TASK TO COMPLETE:
For this exercise, write out only the lines of the entries below from the one with "Ok, I found" up to and including the one with "Wini – Satgas", exactly as they are. Pictures stay out.
INFORMATION PROVIDED: Begin
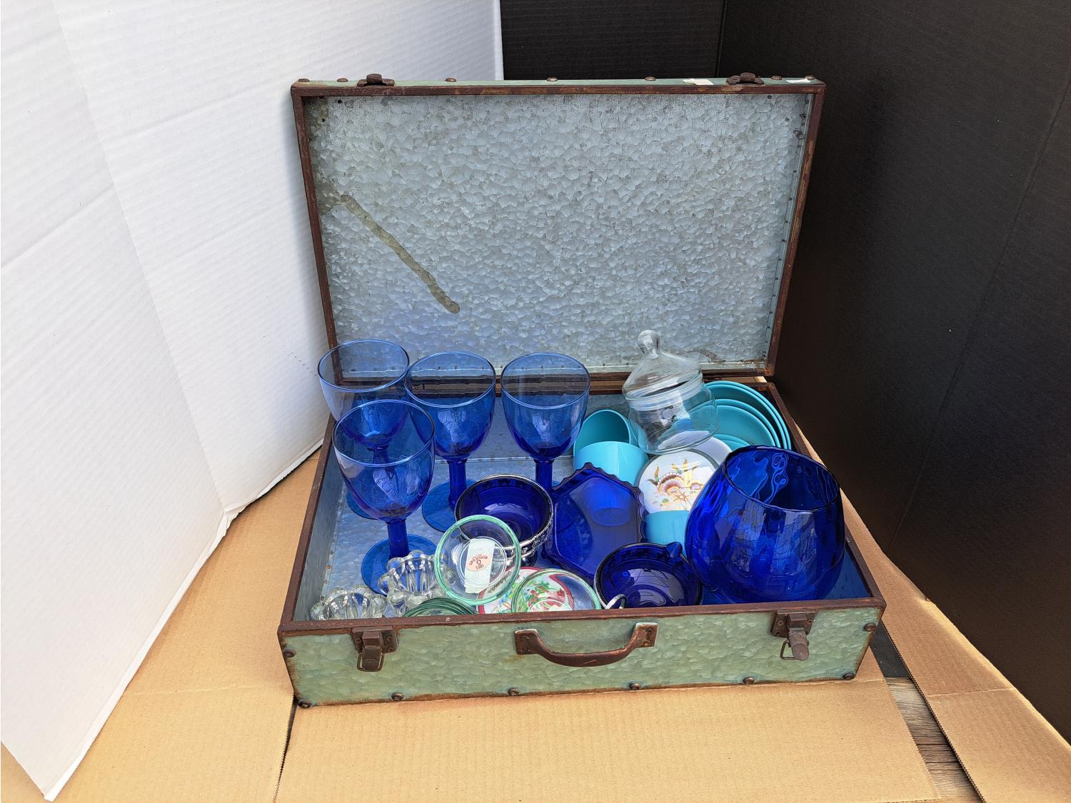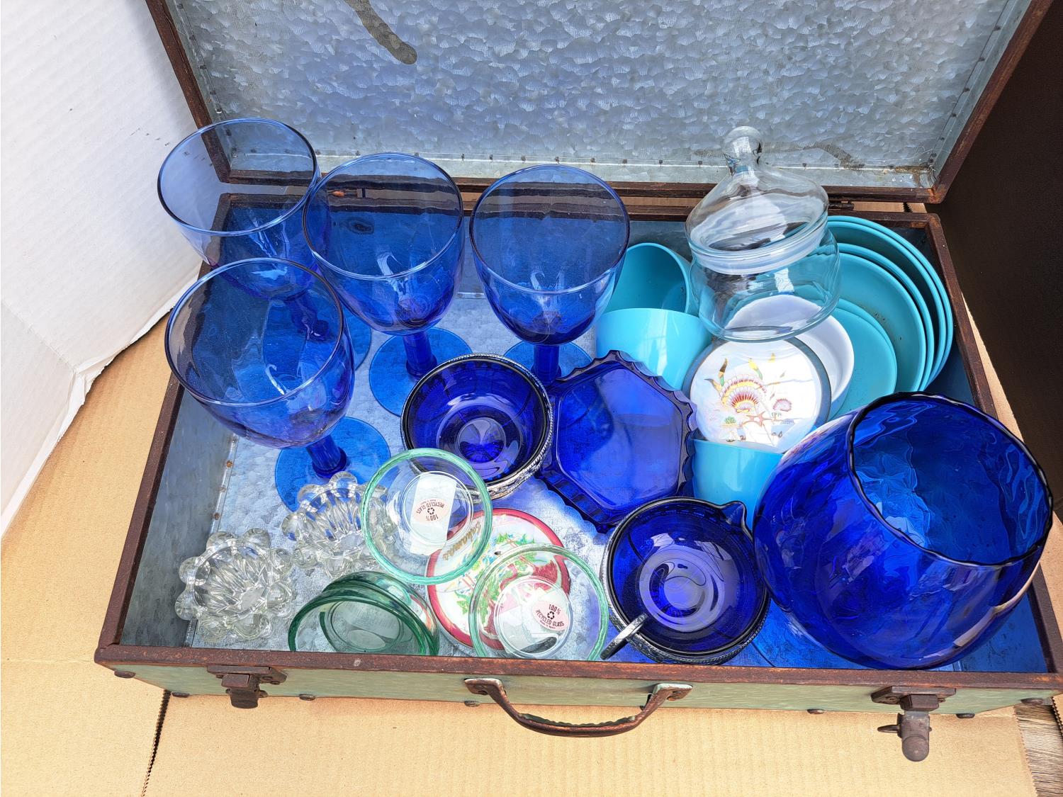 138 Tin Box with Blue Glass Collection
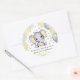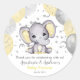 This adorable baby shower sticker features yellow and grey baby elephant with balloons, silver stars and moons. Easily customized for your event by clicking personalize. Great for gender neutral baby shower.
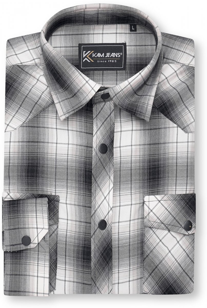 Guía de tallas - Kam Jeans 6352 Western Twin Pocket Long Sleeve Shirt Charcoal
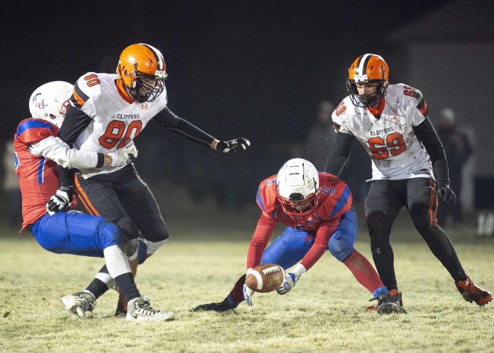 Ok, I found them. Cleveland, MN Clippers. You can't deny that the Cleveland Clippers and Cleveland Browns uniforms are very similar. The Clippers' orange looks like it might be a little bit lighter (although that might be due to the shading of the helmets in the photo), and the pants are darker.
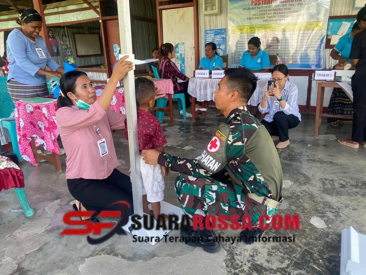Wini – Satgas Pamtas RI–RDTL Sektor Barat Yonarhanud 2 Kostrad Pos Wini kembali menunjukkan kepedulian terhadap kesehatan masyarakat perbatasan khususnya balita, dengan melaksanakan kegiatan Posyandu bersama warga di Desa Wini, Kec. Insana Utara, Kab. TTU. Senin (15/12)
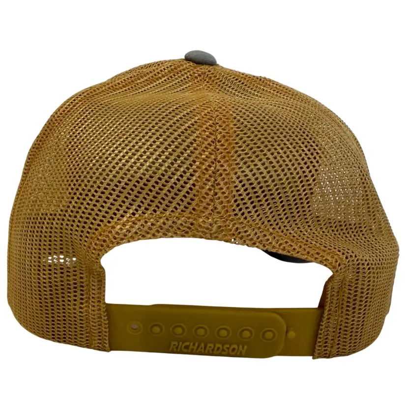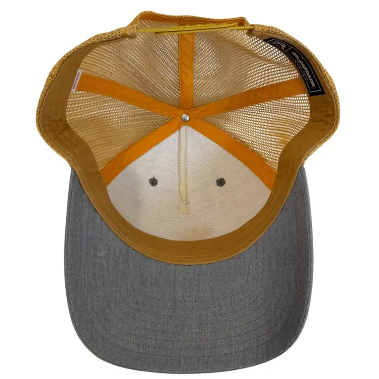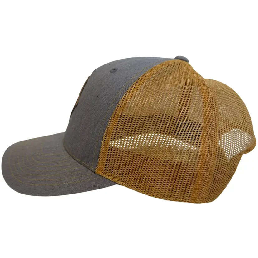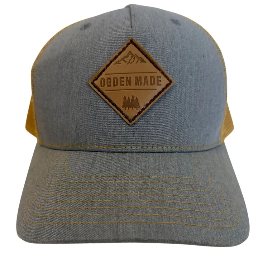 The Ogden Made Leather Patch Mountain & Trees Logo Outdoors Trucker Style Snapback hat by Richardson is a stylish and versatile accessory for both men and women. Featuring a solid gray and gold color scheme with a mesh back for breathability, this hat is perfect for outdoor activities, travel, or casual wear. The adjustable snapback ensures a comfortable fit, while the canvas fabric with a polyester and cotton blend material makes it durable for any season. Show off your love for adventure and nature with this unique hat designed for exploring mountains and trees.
INFORMATION PROVIDED: End
RESPONSE:
 Ok, I found them. Cleveland, MN Clippers. You can't deny that the Cleveland Clippers and Cleveland Browns uniforms are very similar. The Clippers' orange looks like it might be a little bit lighter (although that might be due to the shading of the helmets in the photo), and the pants are darker.
Wini – Satgas Pamtas RI–RDTL Sektor Barat Yonarhanud 2 Kostrad Pos Wini kembali menunjukkan kepedulian terhadap kesehatan masyarakat perbatasan khususnya balita, dengan melaksanakan kegiatan Posyandu bersama warga di Desa Wini, Kec. Insana Utara, Kab. TTU. Senin (15/12)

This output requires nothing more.